Parents want to bless their kids. They love them and enjoy giving them gifts. It brings them joy to see a smile as the little ones open packages. Kids wants to get the latest cool stuff. And they know how to work the system. They know that if they behave they can increase their odds of receiving a bounty of goodies.

As kids beg and parents give in, it can get crazy. There are plenty of problems with the way this is all handled—more than I can list. But here are ten that top my list:

1.  Removes worship from God to gods. No sense in trying to soften this point. Our behavior should be an outpouring of our love and honor to the One who made us. Our actions are our worship.

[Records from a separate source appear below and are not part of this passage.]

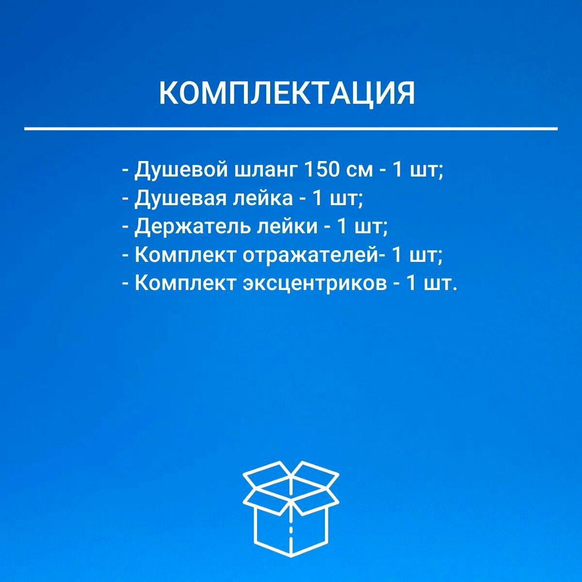 | Комплектация | Смеситель / инструкция по установке / гарантийный талон / душевая лейка / держатель лейки / комплект эксцентриков / комплект отражателей |
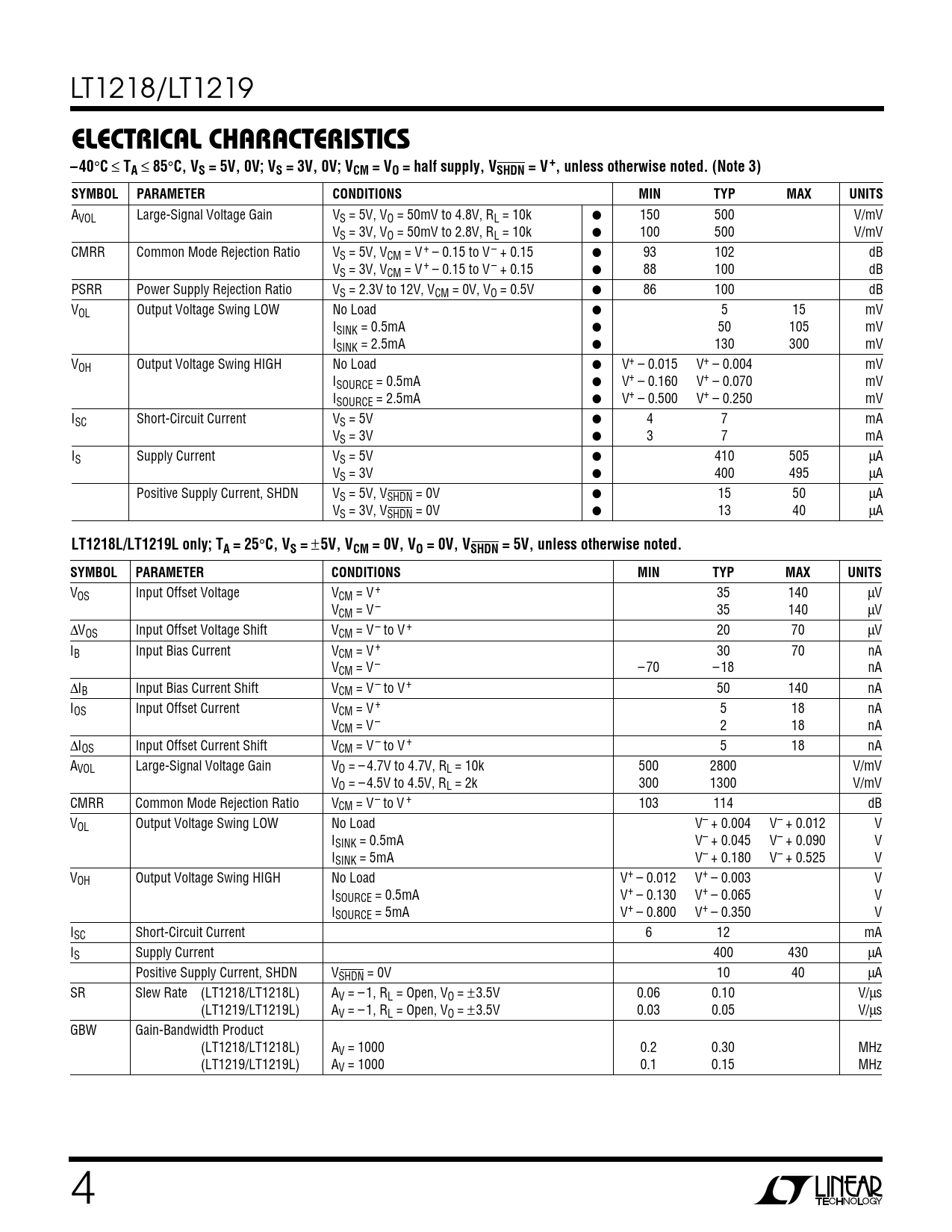 VOS Input Offset Voltage VCM = V+ 35 140 µV VCM = V– 35 140 µV ∆VOS Input Offset Voltage Shift VCM = V– to V + 20 70 µV IB Input Bias Current VCM = V + 30 70 nA VCM = V– – 70 – 18 nA ∆IB Input Bias Current Shift VCM = V – to V+ 50 140 nA IOS Input Offset Current VCM = V + 5 18 nA VCM = V– 2 18 nA ∆IOS Input Offset Current Shift VCM = V – to V + 5 18 nA AVOL Large-Signal Voltage Gain VO = – 4.7V to 4.7V, RL = 10k 500 2800 V/mV VO = – 4.5V to 4.5V, RL = 2k 300 1300 V/mV CMRR Common Mode Rejection Ratio VCM = V– to V + 103 114 dB VOL Output Voltage Swing LOW No Load V– + 0.004 V– + 0.012 V ISINK = 0.5mA V– + 0.045 V– + 0.090 V ISINK = 5mA V– + 0.180 V– + 0.525 V VOH Output Voltage Swing HIGH No Load V+ – 0.012 V+ – 0.003 V ISOURCE = 0.5mA V+ – 0.130 V+ – 0.065 V ISOURCE = 5mA V+ – 0.800 V+ – 0.350 V ISC Short-Circuit Current 6 12 mA IS Supply Current 400 430 µA Positive Supply Current, SHDN VSHDN = 0V 10 40 µA SR Slew Rate (LT1218/LT1218L) AV = – 1, RL = Open, VO = ±3.5V 0.06 0.10 V/µs (LT1219/LT1219L) AV = – 1, RL = Open, VO = ±3.5V 0.03 0.05 V/µs GBW Gain-Bandwidth Product (LT1218/LT1218L) AV = 1000 0.2 0.30 MHz (LT1219/LT1219L) AV = 1000 0.1 0.15 MHz 4
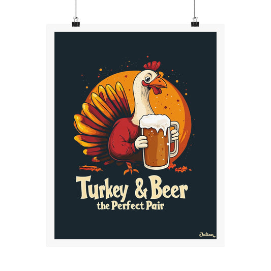 Happy Thanksgiving Turkey and Beer Poster - Matte Vertical Posters, Thanksgiving Art Print, Decor, Wall Art, Home Decor, Gift Thanksgiving
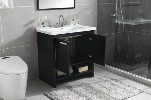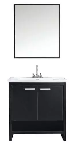 Verona 31-inch vanity is a free standing vanity with cUPC certified extra thick profile ceramic top drilled for a 4-inch faucet spread, two soft-close doors, one open-shelf for extra storage and mirror included
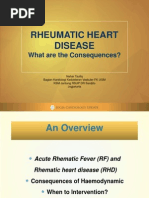 Asch offs bodies (fibrin deposits) develop on the valves, possibly leading to permanent valve dysfunction, especially of the mitral and aortic valves. Severe myocarditis may cause dilation of the heart and CHF.
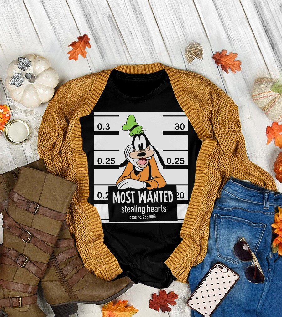 The Most Wanted Goofy Stealing Hearts Case No. 2568966 T-shirt is designed for everyday wear and a consistent fit. Fabric is pre-shrunk ring-spun cotton with durable stitching. See the size chart below for exact measurements.
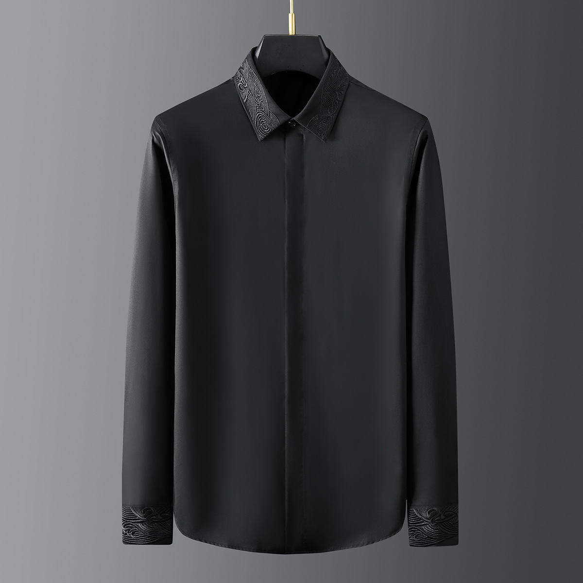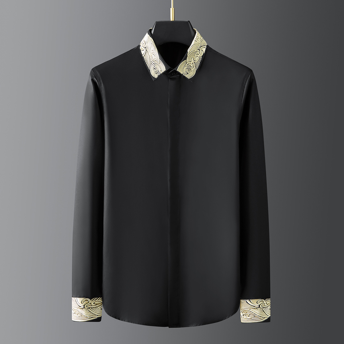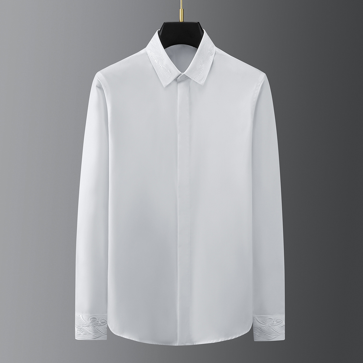 유럽과 미국 패션 패션 브랜드 긴 소매 만 바늘 자수 리더 자수 개성 긴 소매 흑백 2 색 슬림핏 남성 셔츠
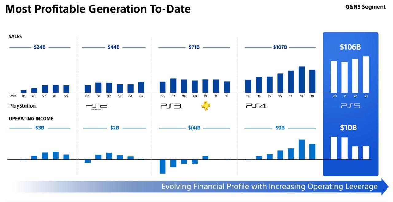 PlayStation 5 is Sony's most profitable console to date. It has already generated $106 billion in revenue (the record is still held by the PS4 at $107 billion), but operating income is already a record $10 billion (compared to $9 billion for the PS4).
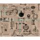 Vintage Kraft Paris Theme Script Fabric

2.  Reduces presents to rewards for behavior and links doing with getting. Doing the right things, the things that honor God don’t always result in getting good presents. Often a kind action goes unnoticed, sometimes even taken for granted. When we communicate that good behavior results in getting stuff, we reinforce incorrect understanding of God’s ways.

3.  Sets both parents and children up for failure and raises expectations that cannot be met. If the kids decide to participate in this short-term proposition by behaving, then they expect it to pay off. When the parents set up the proposition they expect to be appreciated.

4.  Puts pressure on parents and kids—kids to perform and parents to overspend. Everyone loses. The kids can pull off their part, it’s only twenty-five days. The parents can just charge it all and pay if off later. That’s what everyone else does.

5.  Extracts the heart, external actions are elevated. This rewards shallow behaviors.

6.  Breeds manipulation. Kids manipulate parents with acting and emotions. Parents manipulate kids with threats and black mail.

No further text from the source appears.